Esta semana, un grupo de alumnos de un colegio de Canarias pedían que un amigo suyo pudiera regresar a clase. Como hacen el resto de los niños. Se veían obligados a solicitarlo porque ese chico, de un día para otro, había sido trasladado de isla. Sin previo aviso. Sin que pudieran siquiera “despedirse de él”. Como si fuera “mercancía”, escribían conmocionados. Ese niño del que hablaban, era un niño migrante, pero, eso ni lo mencionaban. No les desconcertaba, como, sin embargo, sí lo hacía, que hubiera abandonado su colegio de la noche a la mañana.
Solo unos días después, escuchábamos el terrorífico juicio por el asesinato de Samuel Luiz, el joven de 24 años que murió machacado por una paliza al grito de ‘maricón’. Hubo dos personas que intentaron salvarle de esa lluvia de puñetazos.

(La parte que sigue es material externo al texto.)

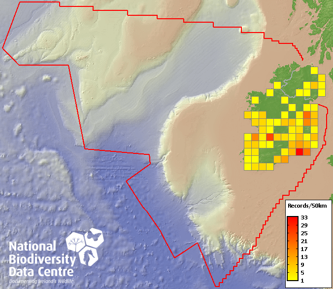 Distribution of the number of records recorded within each 10km grid square (ITM).Marine Map - 50km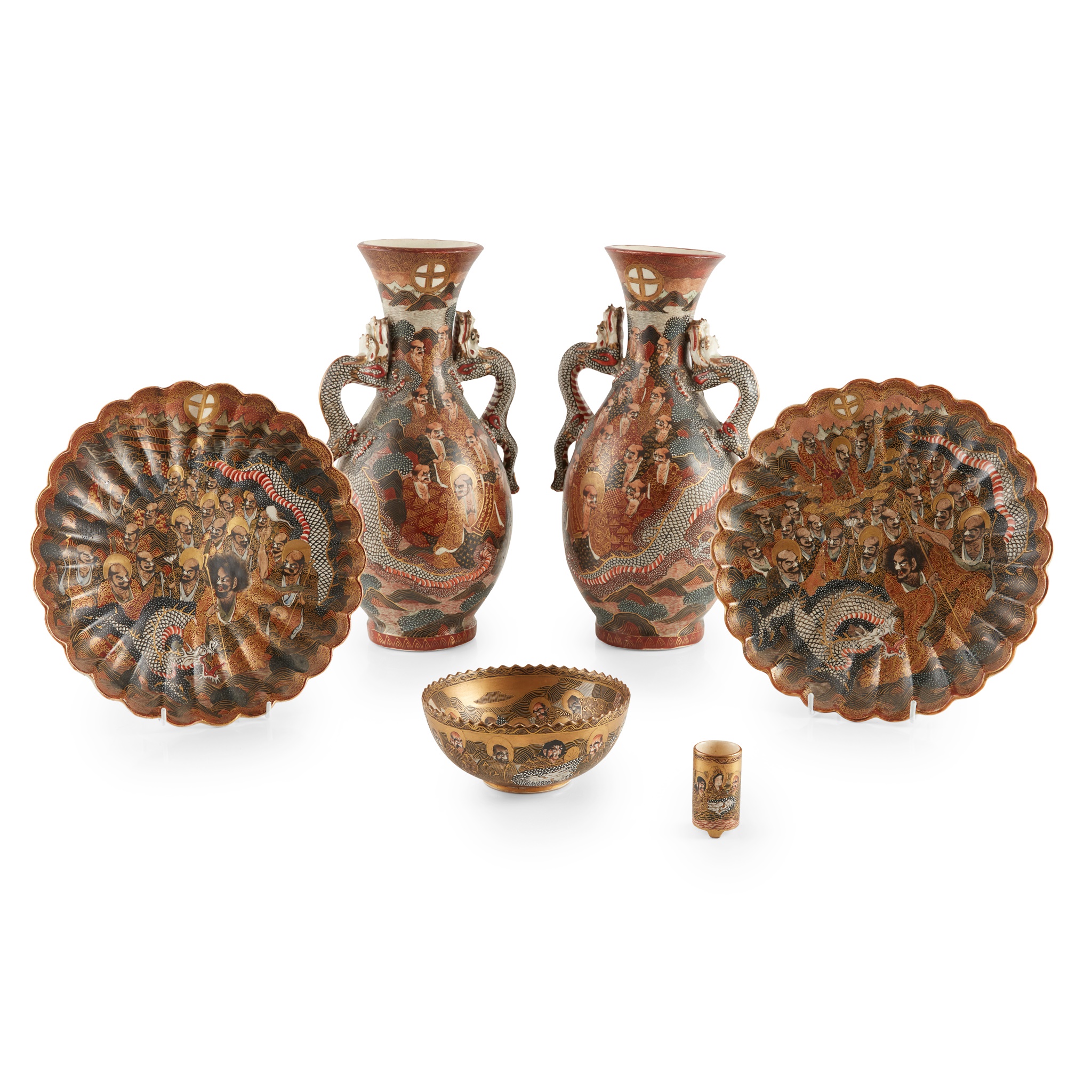 GROUP OF SIX 'RAKAN AND DRAGON' SATSUMA WARES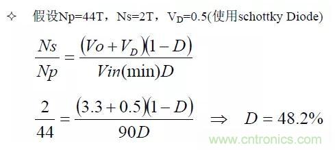 由以下公式可決定Duty cycle ,Duty cycle的設(shè)計一般以50%為基準,Duty cycle若超過50%易導(dǎo)致振蕩的發(fā)生。
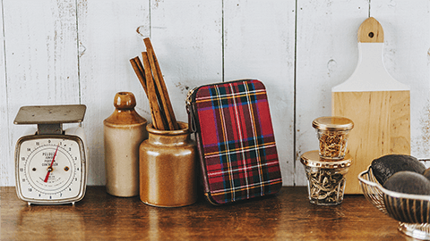 レッドを基調に、ブルーやイエロー、ホワイトなどのラインが入った明るい色彩のチェック柄。「Royal Stewart」(ロイヤル・ステュワート)と呼ばれるこのデザインの生地は、英国女王陛下の衛兵が着用し、時代を超えて愛されるクラシックなデザイン。マフラーやストールでも人気の柄です。ジッパーズの背に施された革ともしっくりなじみ、男女問わずお使いいただけます。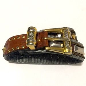 SILVER GOLD HARDWARE AND LEATHER UNISEX BELT feature on Elegant chrome silver and gold buckles design with a steel mash belt strap.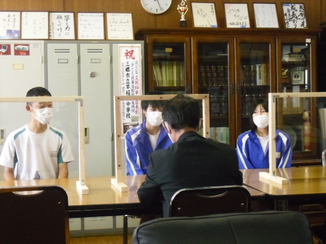 本日より3年生、校長先生による面談が始まりました。昼休みに第一陣の開始です。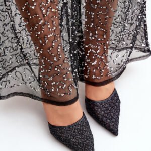 Stylowe szpilki damskie ozdobione drobinkami brokatu, które nadają im wyjątkowego blasku. Model ten posiada szpiczaste noski, które optycznie wysmuklają nogi, oraz miękką wkładkę wykonaną z eko skóry, zapewniającą komfort podczas noszenia. Te eleganckie buty doskonale sprawdzą się na wieczorne wyjścia, uroczystości czy sylwestrowe imprezy, dodając Twojej stylizacji niepowtarzalnego uroku i klasy.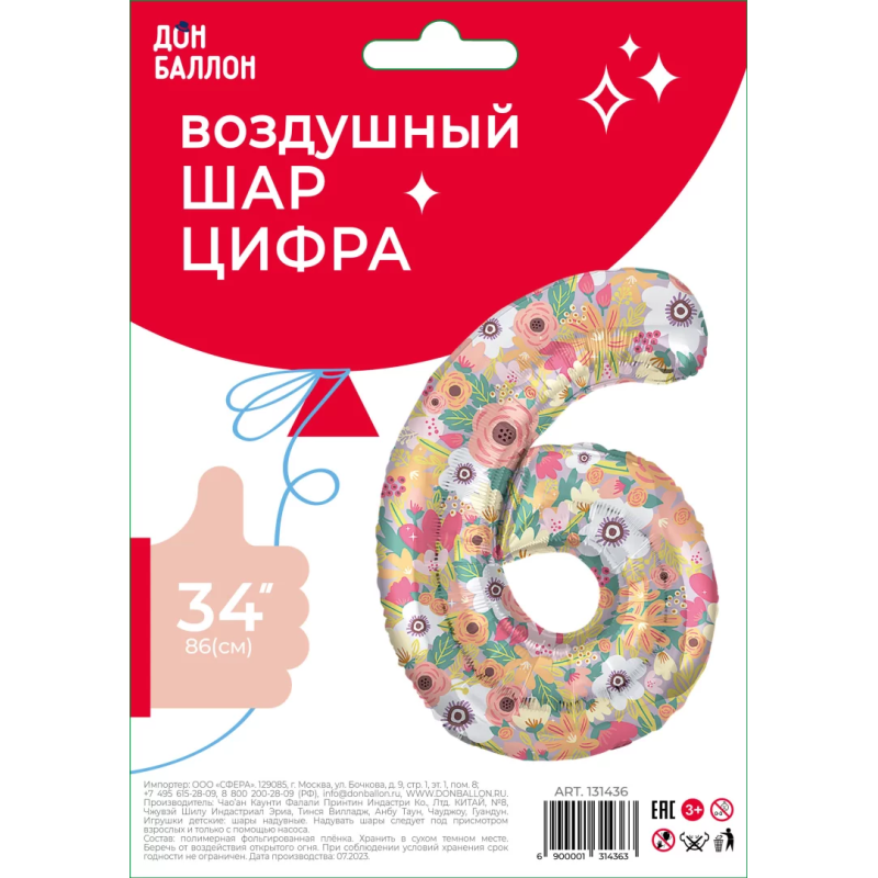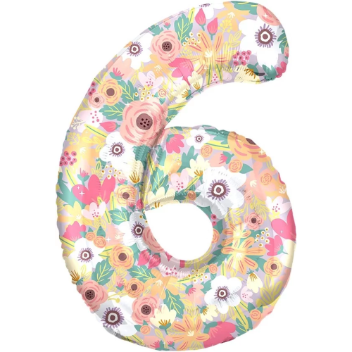 Шар (34''/86 см) Цифра, 6 Цветочный вальс, 1 шт. в уп., 131436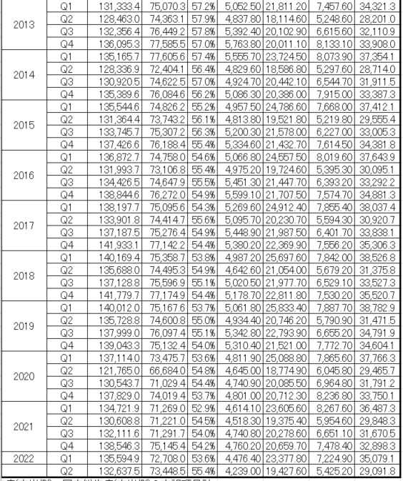 四半期実質GDPは2022年4~6月期「132兆円」​である。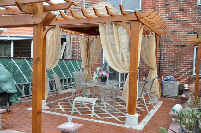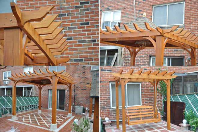 Anh Vũ kết hợp khung che bằng gỗ và vọng lầu với nhau. Những thanh gỗ vát xéo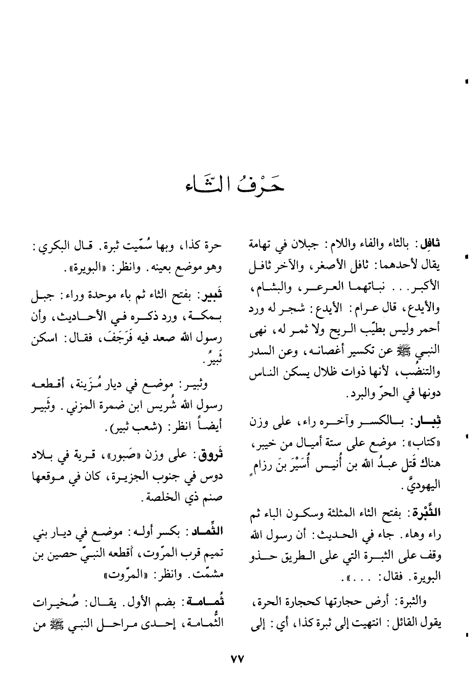 . جاء في الحديث: أن رسول الله وقف على الثبرة التي على الطريق حذو البويرة. فقال: ... » .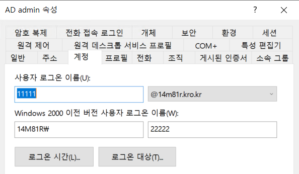 - Windows 2000 이전 버전 사용자 로그온 이름 : SamAccountName

Eran dos ciudadanos senegaleses. No tenían papeles, de haberlos tenido, aseguraron ante el juez que habrían llamado a la policía. No tenían permiso de residencia y meterse en esa matanza, para ellos, suponía un tremendo riesgo en todos los sentidos.
Aún así, lo hicieron, porque no se creían la ferocidad y el ensañamiento que estaba sufriendo un chico que estaba solo y “tirado en el suelo”. Ellos se comportaron como héroes, pero no eran héroes. Eran personas. Personas que se merecen tener un sitio seguro donde vivir, un lugar a salvo como el que intentaron conseguir para Samuel antes de que lo mataran.
Estos últimos meses, en plena crisis migratoria, muchas voces se han apresurado a decir que la integración de estas personas que vienen en patera es un verdadero problema. Que tienen una cultura y unos valores “muy diferentes a los nuestros”. No sé a cuáles de ellos se refieren exactamente, pero si es así, desde luego, a mí me gustaría que sus valores de intentar salvar a un chaval de que lo maten se parecieran más a los nuestros. Quizás no es tanto imponer nuestro dogmas a los suyos, si no un intercambio de ambos. Quizás.